I noticed that thing up high in the rafters feeding a drop at HD, it had a cust5om 5" blank plate with a cutout for a SP QO breaker. Has anyone seen one or has a part # ?


----------



## jza (Oct 31, 2009)

Yup, part number is QO-H4CK


----------



## drumnut08 (Sep 23, 2012)

Shockdoc said:


> I noticed that thing up high in the rafters feeding a drop at HD, it had a cust5om 5" blank plate with a cutout for a SP QO breaker. Has anyone seen one or has a part # ?


Sounds custom , lol ! I once found a bunch of breakers added to a panel in a church . There were vertical slots cut in the dead front for these things . Took the cover off and found the breakers clipped onto rail that was rigged and then jumper wires ( 10's and 12's ) tapped onto the bus bar , lol ! This was before camera phones , but it was one of the hackiest things I've ever seen . This was one of many reasons we re- did the service and distribution .


----------



## papaotis (Jun 8, 2013)

not a part # but their phone # is 1-800-we'll make it work


----------



## Shockdoc (Mar 4, 2010)

drumnut08 said:


> Sounds custom , lol ! I once found a bunch of breakers added to a panel in a church . There were vertical slots cut in the dead front for these things . Took the cover off and found the breakers clipped onto rail that was rigged and then jumper wires ( 10's and 12's ) tapped onto the bus bar , lol ! This was before camera phones , but it was one of the hackiest things I've ever seen . This was one of many reasons we re- did the service and distribution .

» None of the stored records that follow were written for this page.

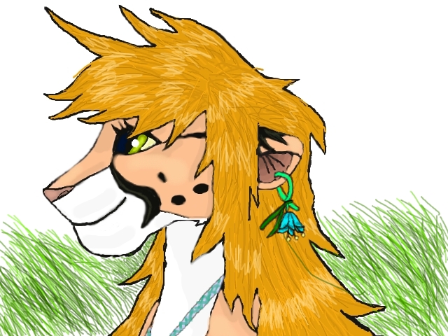 Атро гепардо-львица нравится расцветкой и гривой, худющая только правда... Нужно поучиться рисовать людей, чтобы легче было рисовать анатомию, а еще советую использовать на персонаже ярко выделяющиеся из общей картины цвета. Обычно это считается безвкусицей.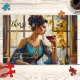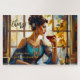 Quebra-cabeça divertido com uma pintura colorida de uma senhora bebendo um copo de vinho tinto. Bonita para qualquer amante de vinho.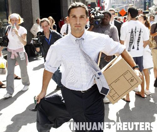 資料圖片:9月15日,在美國紐約,一名雷曼兄弟公司的雇員拿著裝有私人物品的紙箱離開公司。當(dāng)日,美國第四大證券公司雷曼兄弟申請破產(chǎn)保護(hù),意味著這家在華爾街生存了158年的老牌投資銀行將壽終正寢。新華社/路透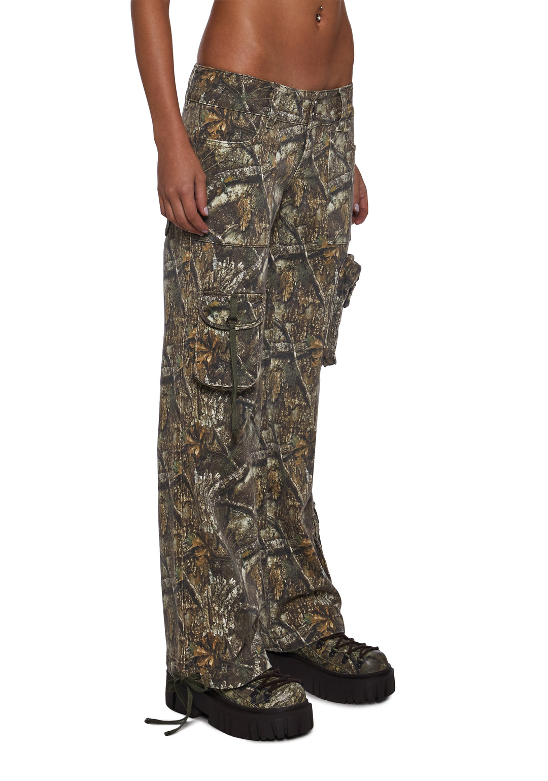 These jeans have a stretchy denim construction, an all over camo print pattern, front and back pockets, cargo pockets with zipper and tie closures, adjustable ties on the pant legs, a low waist fit, and a front double button and zipper closure.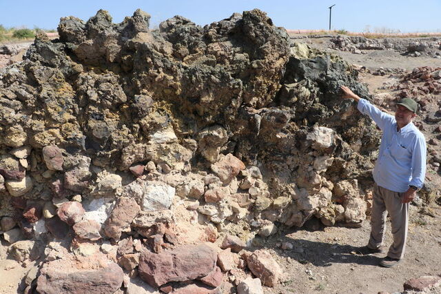 Neredeyse cam haline gelecek kadar yüksek ısıda yanmış. Kerpiçler ve taşlar erimiş. Bu derecede yüksek bir ısıya maruz kalmış. Bunun sebebi, muhakkak ki bu yapının inşaatında kullanılan çok sayıdaki ağaç ve özellikle de bizim reçineli ağaç dediğimiz çam, ardıç gibi sağlam ağaçların burada bol olarak bulunması ve gerçekten de bütün alan içinde bu yangının tespit etmek mümkün.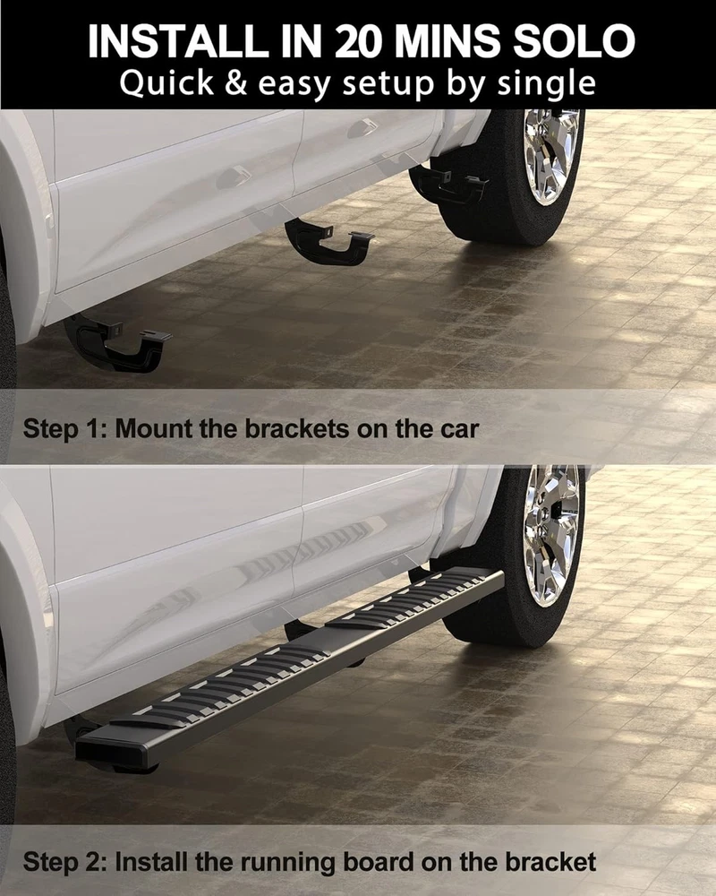 These running boards are a perfect addition to my Chevy Colorado! The sleek black aluminum looks great and feels sturdy. The non-slip pads make stepping in and out easy, even in bad weather. Installation was straightforward, and they fit like they were made for my truck. Love the textured stainless steel skirt—adds a rugged yet polished look. Highly recommend for anyone wanting both style and functionality!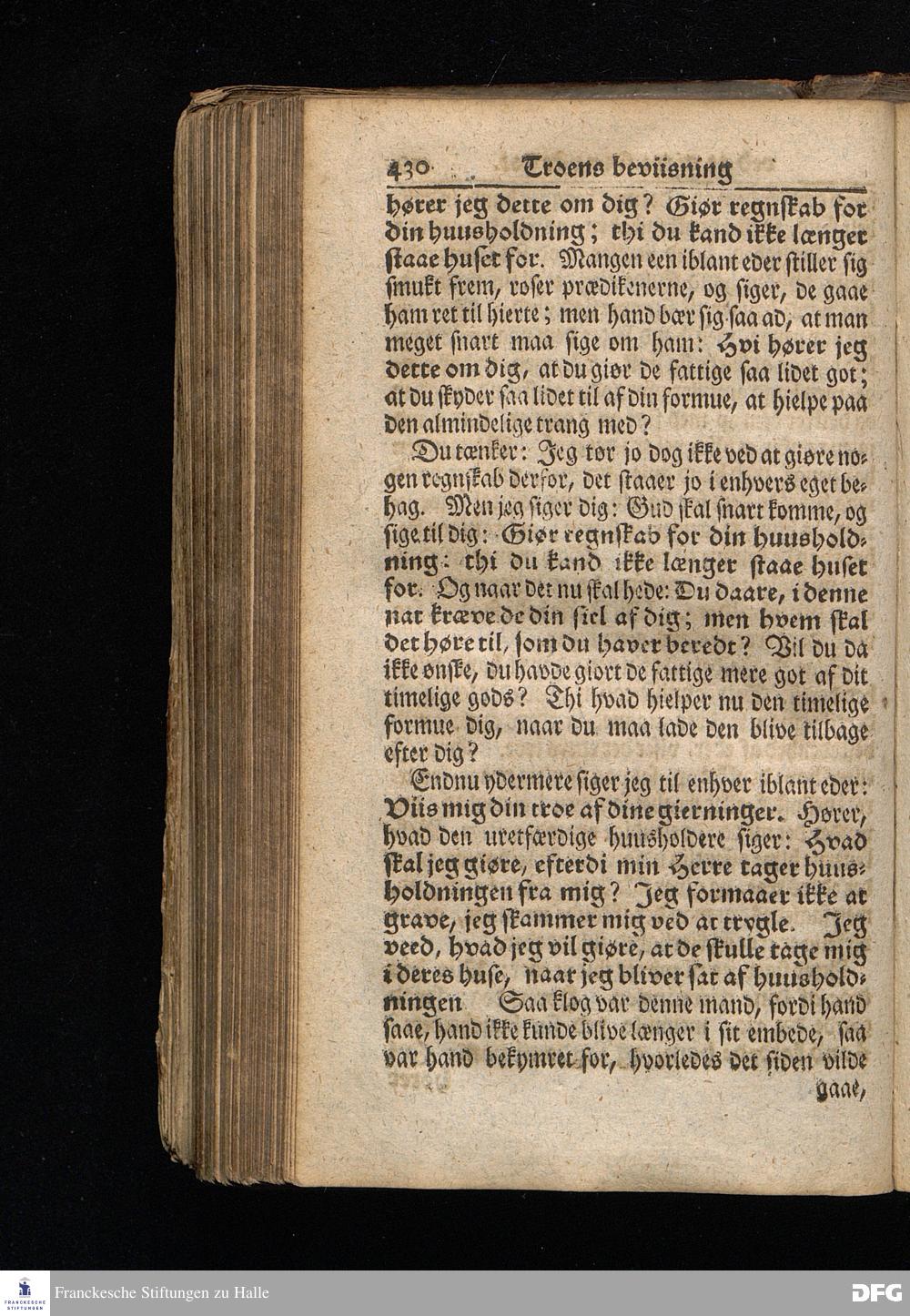 August Hermann Franckens, S. Theol. Prof. & Past. til S. Ulrich i Halle, og Gymnasii Scholarchæ, Haand=Postill, Eller Korte Prædikener Paa Søndage og Hell: Dage, Hvorudi Fornemmelig gives fornøden Opvækkelse og Anviisning til den sande, levende, kraftige, og i gode frugter sig bevisende Troe; Med Fortale og Register forsynede. Af det Tydske i det Danske Sprog oversatte, og til Trykken befordrede. Med Et Tilleg over de i Dannemark brugelige Texter, som af Auctore ey vare forklarede. KJØBENHAVN, Udi det Kongel. Wäysen=Huses Bogtrykkerie, og paa dets Forlag. Trykt af Gottmann Friderich Kisel. Aar 1752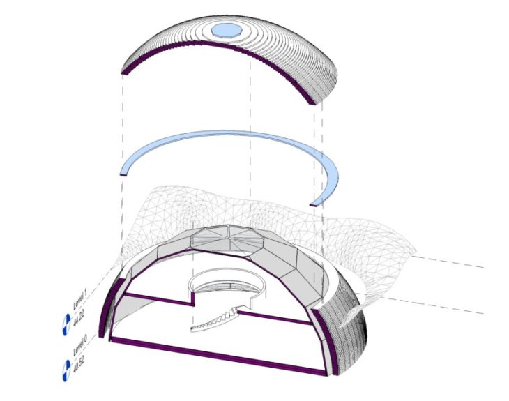 The external form is primarily driven by the construction method, in this case, 3D printing. The construction sequence understands that the room pods will come in a spaceship pre-fabricated ready to be deployed. When the primary vertical and floor elements are placed, the 3 D printed skin will encapsulate the building on top of the already set up pre-fabricated livid pods.

This actually looked like a factory cut out in the 4 11/16 cover for that breaker. My phone has a lousy zoom on it.


----------



## wildleg (Apr 12, 2009)

Shockdoc said:


> I noticed that thing up high in the rafters feeding a drop at HD, it had a cust5om 5" blank plate with a cutout for a SP QO breaker. Has anyone seen one or has a part # ?


pics or it didn't happen


----------



## Bbsound (Dec 16, 2011)

Are you sure it was not a buss plug?


----------



## ponyboy (Nov 18, 2012)

was it this










no overcurrent protection, just a dummy breaker. but a nice cheap disconnect


----------